May 21, 2012
Vietnam approves new H5N1 project
Vietnam's agriculture ministry has approved a project to fight avian influenza in poultry and humans, supported by $300,000 from the United States Agency for International Development (USAID), Vietnam News Agency (VNA) reported yesterday. The project will be implemented within the next year in nine cities and provinces: Hanoi, Ho Chi Minh City, Da Nang, Can Tho, Khanh Hoa, Kien Giang, Thua Thien Hue, Quang Tri, and Lang Son, according to the report. The goals of the program are to improve management of the national health system, ensure equal access to health services, strengthen information sharing, and promote collaborative efforts for fighting avian influenza. Vietnam is among the countries where the H5N1 avian flu virus is endemic in poultry.
May 20 VNA story
About 6% of poultry workers in India study have H9N2 antibodies
About 6% of poultry workers in and around Pune, India, had antibodies to H9N2 avian flu in their bloodstreams, according to a study in PLoS One. Researchers from the National Institute of Virology in Pune, located in Maharashtra state, analyzed serum samples from 338 poultry workers in a region known to have had H9N2 outbreaks in poultry. Workers from farms and live-bird markets responded to an invitation to participate in the study. The investigators found that 21 workers (6.2%) had antibodies to H9N2, by either hemagglutination inhibition (HI) or microneutralization (MN) assay and using a titer of 40 or higher as the cutoff.
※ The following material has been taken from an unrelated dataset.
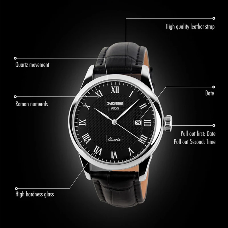 Skmei Pria Quartz Jam Tangan Mewah Jam Tangan Pria Kulit Asli Tali

If test results were taken separately, 4.7% of workers had antibodies by HI and 3.8% by MN. Serum samples from 249 members of the general public were all negative for H9N2 antibodies. The authors said the study "showed low prevalence of antibodies against AI H9N2 virus, which is comparable with reported studies from South-East Asia." Nonfatal illnesses caused by H9N2 viruses have been reported in a few children in Hong Kong and elsewhere in China in recent years.
May 18 PLoS One study
CIDRAP overview of avian flu in humans
Tempeh starter culture cited as source in Salmonella outbreak
A tempeh starter culture from a Maryland firm has been identified as the source of a Salmonella outbreak centered in North Carolina that has grown to 83 cases, according to a media report and health officials. The Asheville, N.C., Citizen-Times reported that investigators traced the outbreak strain, Salmonella Paratyphi B, to a tempeh starter culture supplied by Tempeh Online, Rockville, Md., to Smiling Hara Tempeh of Asheville. David Sweat, MPH, foodborne disease epidemiologist with the North Carolina Division of Public Health in Raleigh, today confirmed the report, saying the Salmonella strain in the starter culture matched isolates from finished tempeh and from patients. "We believe the starter culture was the original source of contamination," he told CIDRAP News. The Citizen-Times story said the US Food and Drug Administration was investigating where the starter culture was produced. In addition, the story said the number of cases in the outbreak had increased to 83 as of May 18, 20 more than reported a week earlier, with 62 cases in the Asheville area (Buncombe County). Sweat said today he was not aware of any more cases reported since then. Tempeh is a meat substitute used in vegetarian dishes.